Created attachment 225064 [details] testcase maven project
Perhaps this one solves the problem: https://git.eclipse.org/r/#/c/9411/
(In reply to comment #3) > Perhaps this one solves the problem: > > https://git.eclipse.org/r/#/c/9411/ Hi Robin, thanks, I tried out your patch on my test case, and list results compared to other versions. Test scenario: "step 5) dirCacheBuilder.getDirCache().write(); with 100,000 entries." * with this test case on versions: 1.3.0.201202151440-r, 2.0.0.201206130900-r: step 5 executes in approx 150 ms * with this test case on versions: 2.1.0.201209190230-r, 2.2.0.201212191850-r, 2.3.0-SNAPSHOT (master 706f8eb 20/12/2012): step 5 executes in approx 66,000 ms * with this test case on version: 2.3.0-SNAPSHOT (patched with https://git.eclipse.org/r/#/c/9411/): step 5 executes in approx 400 ms -- Therefore in this case the performance of the patch (https://git.eclipse.org/r/#/c/9411/) is much better than 2.1.0.201209190230-r, 2.2.0.201212191850-r, 2.3.0-SNAPSHOT (150x improvement), but not as good as 1.3.0.201202151440-r, 2.0.0.201206130900-r (2.5x slowdown). Performance of patch is anyway acceptable on this particular test case (commit on 100,000 entries).
Merged
The fix was not good. It caused an IAE on every of my repositories [1]. This indicates that the comparator is not correct. [1] !MESSAGE An internal error occurred during: "Re-indexing repository eclipse.jdt.debug". !STACK 0 java.lang.IllegalArgumentException: Comparison method violates its general contract! at java.util.TimSort.mergeLo(TimSort.java:747) at java.util.TimSort.mergeAt(TimSort.java:483) at java.util.TimSort.mergeCollapse(TimSort.java:408) at java.util.TimSort.sort(TimSort.java:214) at java.util.TimSort.sort(TimSort.java:173) at java.util.Arrays.sort(Arrays.java:659) at org.eclipse.jgit.treewalk.filter.PathFilterGroup$Group.<init>(PathFilterGroup.java:222) at org.eclipse.jgit.treewalk.filter.PathFilterGroup$Group.<init>(PathFilterGroup.java:179) at org.eclipse.jgit.treewalk.filter.PathFilterGroup.create(PathFilterGroup.java:143) at org.eclipse.jgit.treewalk.filter.PathFilterGroup.createFromStrings(PathFilterGroup.java:91) at org.eclipse.egit.core.internal.indexdiff.IndexDiffCacheEntry.calcIndexDiffDataIncremental(IndexDiffCacheEntry.java:400) at org.eclipse.egit.core.internal.indexdiff.IndexDiffCacheEntry.access$9(IndexDiffCacheEntry.java:381) at org.eclipse.egit.core.internal.indexdiff.IndexDiffCacheEntry$5.run(IndexDiffCacheEntry.java:341) at org.eclipse.core.internal.jobs.Worker.run(Worker.java:53)
I'm using org.eclipse.egit.core_2.3.0.201301082326.
Can you post the list of files, or a reference to a place where I can repeat the error.

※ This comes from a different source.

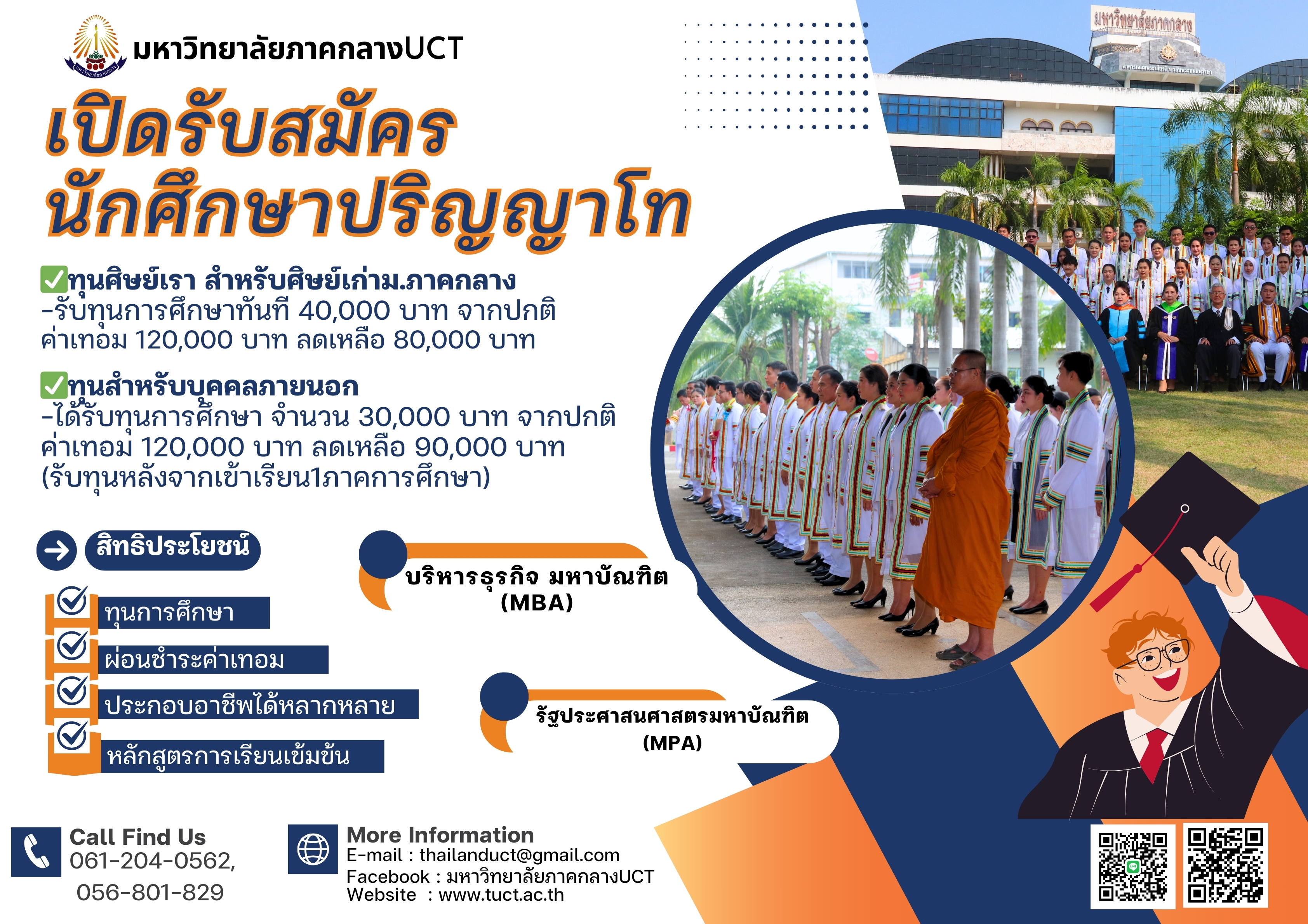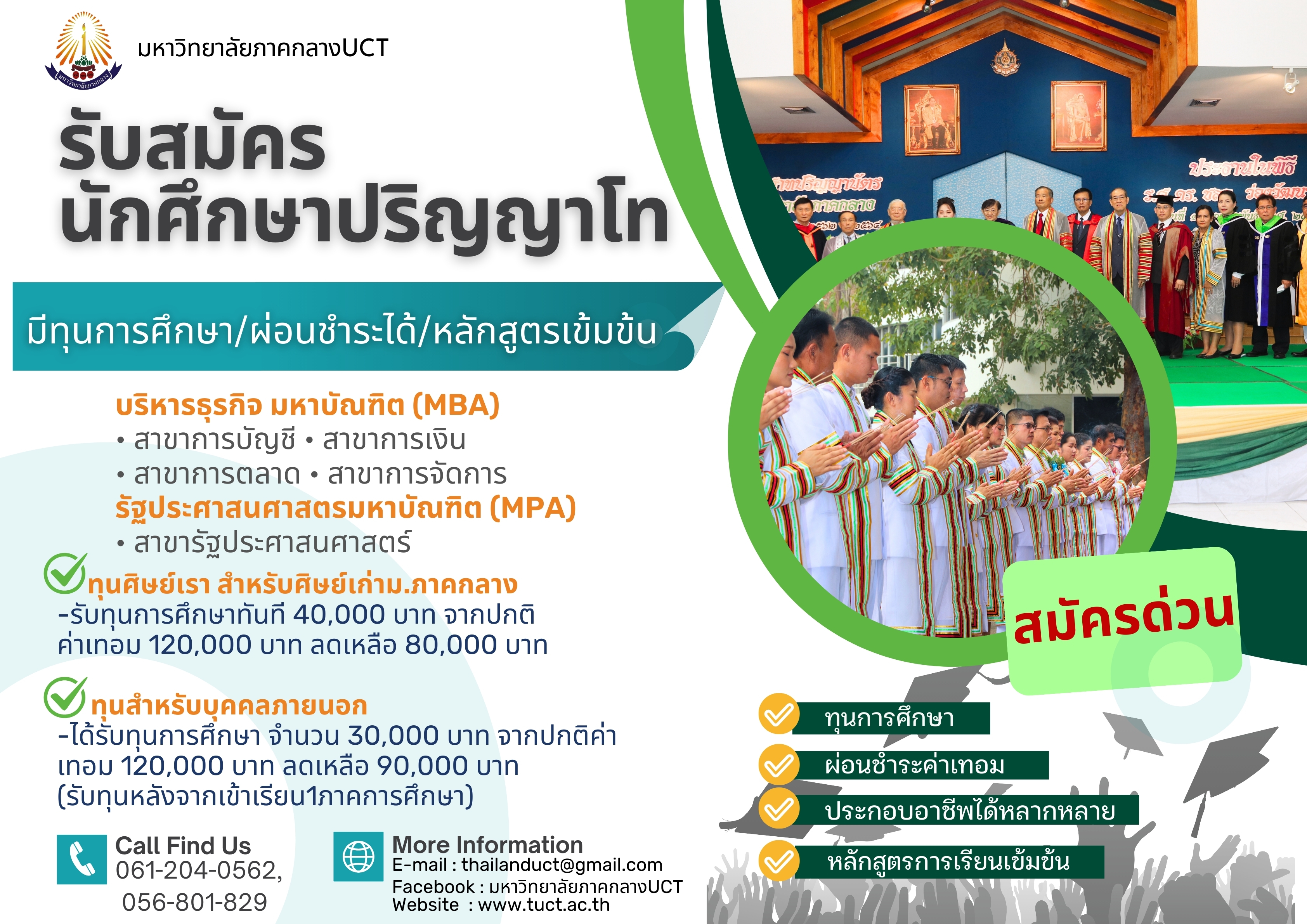 ส่งชื่อ-สกุล วันเดือนปีเกิด ที่อยู่ เบอร์โทรศัพท์ เลขบัตรประชาชน 13 หลัก วุฒิที่จบ และหลักสูตรที่ต้องการสมัครที่ line มหาวิทยาลัยภาคกลาง ID: uctthailand (@sky) เบอร์ 0612040562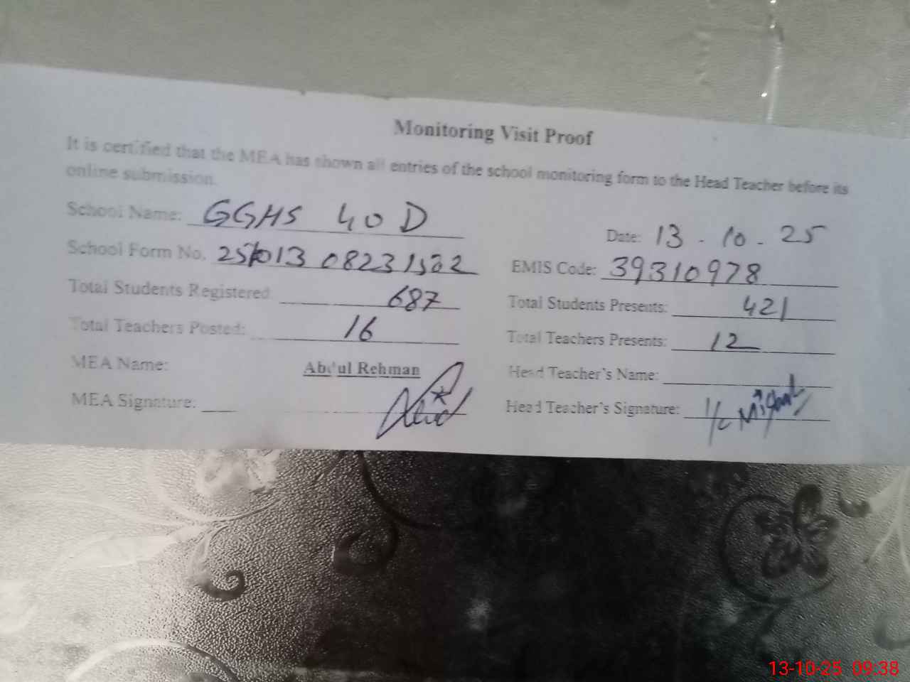 | Attendance Register | Head Teacher | MEA with School | Visit Proof |

Short-term workaround(?) Set the system property java.util.Arrays.useLegacyMergeSort=true
(In reply to comment #8) > Can you post the list of files, or a reference to a place where I can repeat > the error. 1. start with fresh workspace with Eclipse that has latest EGit 2. clone the jgit repo (ssh://git.eclipse.org/gitroot/jgit/jgit.git) 3. import all projects ==> boom!
Reverted the change. Nothing near that code can work.
(In reply to comment #10) > Reverted the change. Nothing near that code can work. Verified in org.eclipse.jgit_2.3.0.201301091911 that the problem is gone.
New attempt at https://git.eclipse.org/r/#/c/9607/
Merged https://git.eclipse.org/r/#/c/9607/
I did not verify the performance improvement, but verified that it doesn't cause IAEs.